Alguns médicos prescrevem medicamentos para combater os efeitos da altitude. O Diamox (acetazolamida), que ajuda a metabolizar mais oxigênio, é um – o consumo deve começar 24 horas antes da chegada ao destino, duas ou três vezes ao dia. Outras opções são a dexametasona, um esteróide, e o gingko biloba, um fitoterápico. O uso dos remédios, contudo, é polêmico. Muitos médicos não gostam de receitar essas substâncias. Soluções mais seguras são a aspirina, a cafeína e, nos países andinos, o chá de coca – todos são capazes de amenizar os efeitos da altitude. Problema evidente nisso tudo: dependendo o que o jogador consumir, pode ser identificado como doping.
6) Em que cidades e regiões os sintomas são sentidos com mais intensidade?
Todas as que são localizadas em grandes cadeias de montanhas ou em altiplanos. Há localidades muito altas na Europa, na América do Norte e na Ásia, em especial Nepal e Tibete. Na América do Sul, as mais altas cidades estão na Bolívia, no Peru, no Equador e na Colômbia. O país de Evo Morales tem, além de La Paz, as cidades de Oruro, El Alto e Potosí – essa última, fonte de prata e exploração na época colonial, é conhecida também como a cidade mais alta do planeta, a mais de 4,1 mil metros. A peruana Cusco (3,4 mil metros), a equatoriana Quito (2,8 mil etros) e a colombiana Bogotá (2,650 metros) são outras cidades muito altas nos países vizinhos. O Grêmio jogou (e ganhou!!!) em Quito na noite de ontem.
7) Há algum risco de vida para quem viaja a altitudes maiores?
Sim. Nos casos de sintomas mais graves, pode surgir até um edema pulmonar (fluidos nos pulmões) ou edema cerebral (inchaço do cérebro). Se o visitante de uma cidade muito alta não cometeu excessos (na alimentação, no consumo de bebidas alcoólicas e no excesso de atividade física) mas ainda assim sofreu sintomas fortes demais, recomenda-se procurar um médico. Os sintomas devem ser levados a sério: se não desaparecerem com o tempo, precisam ser examinados.

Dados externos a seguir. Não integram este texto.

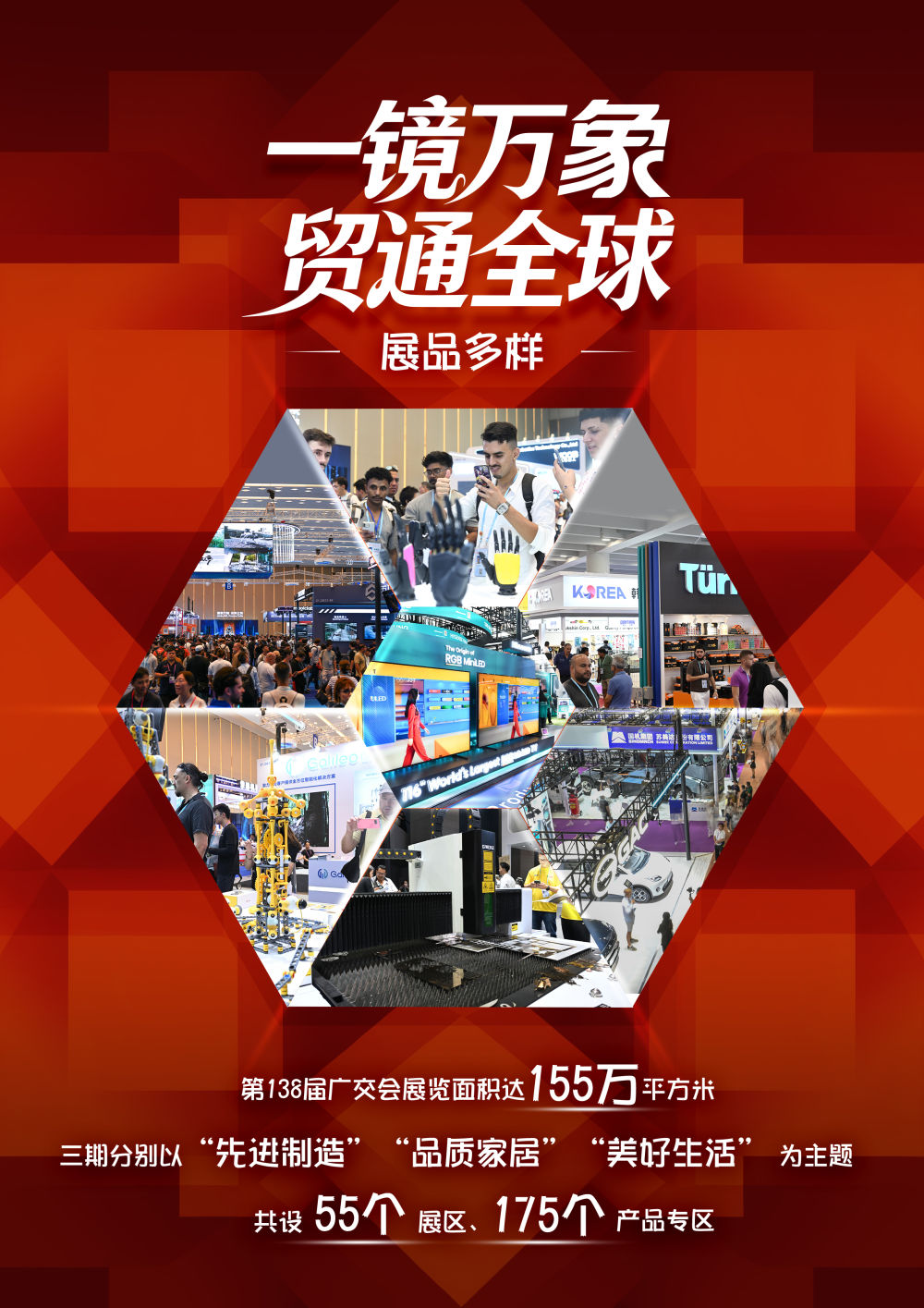 第138屆廣交會于10月15日至11月4日分三期在廣州舉辦,本屆廣交會展覽面積達155萬平方米。展位總數(shù)7.46萬個,參展企業(yè)超3.2萬家,均創(chuàng)歷史新高,約3600家企業(yè)首次亮相。

8) Quem mora na altitude elevada pode passar mal ao descer para o nível do mar?
Algumas pessoas nessa situação reclamam de algum desconforto, de perda de apetite e de dores de cabeça por causa da diferença nas condições climáticas. No geral, porém, os moradores de cidades muito altas não enfrentam dificuldades na descida. No caso dos atletas, isso é até usado em favor de um melhor desempenho. Vejam só... Quem treina na altitude rende mais ao nível do mar. Como o ar rarefeito ensina o organismo a absorver e a processar melhor o oxigênio, o rendimento melhora. Que coisa!

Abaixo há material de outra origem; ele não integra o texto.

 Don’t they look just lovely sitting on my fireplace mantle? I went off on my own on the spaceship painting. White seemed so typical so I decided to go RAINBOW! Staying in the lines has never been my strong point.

9) A altitude pode ser um elemento decisivo em uma disputa esportiva?
Os estudos dos efeitos da altitude sobre a performance física começaram a ser realizados depois dos Jogos Olímpicos de 1968. A competição realizada na Cidade do México, a 2,4 mil metros, registrou nas corridas de média e longa distância o triunfo de atletas de países montanhosos, como Tunísia, Etiópia e Quênia, enquanto australianos e americanos, os favoritos, mal conseguiam alcançar a linha de chegada. Pesquisas confirmaram que o treinamento em altitude elevada produzia um ganho de desempenho em provas de resistência, e alguns países, como os EUA, começaram a levar seus atletas para se condicionar em cidades montanhosas.
10) Por que a Fifa já cogitou proibir partidas oficiais de futebol nas alturas?
Por um motivo bem curioso, mas que faz sentido, pelo que vemos aqui no Brasil. O calendário intenso do futebol não permite que times e seleções tenham tempo suficiente para a adaptação à altitude. As equipes das outras regiões reclamam do deseqüilíbrio provocado por esse fator nas disputas. O Equador, por exemplo, foi às duas últimas Copas do Mundo graças aos bons resultados obtidos em Quito. Na Libertadores, diversos clubes brasileiros sofrem nos duelos com equipes muito inferiores tecnicamente – o Grêmio ganhou da LDU por 4 a 0 aqui na Arena e conseguiu ontem um suado 3 a 2 em Quito. Mas, quando se falou em veto a jogos na altitude, houve uma forte reação dos países andinos, inclusive com promessa de boicote às competições internacionais.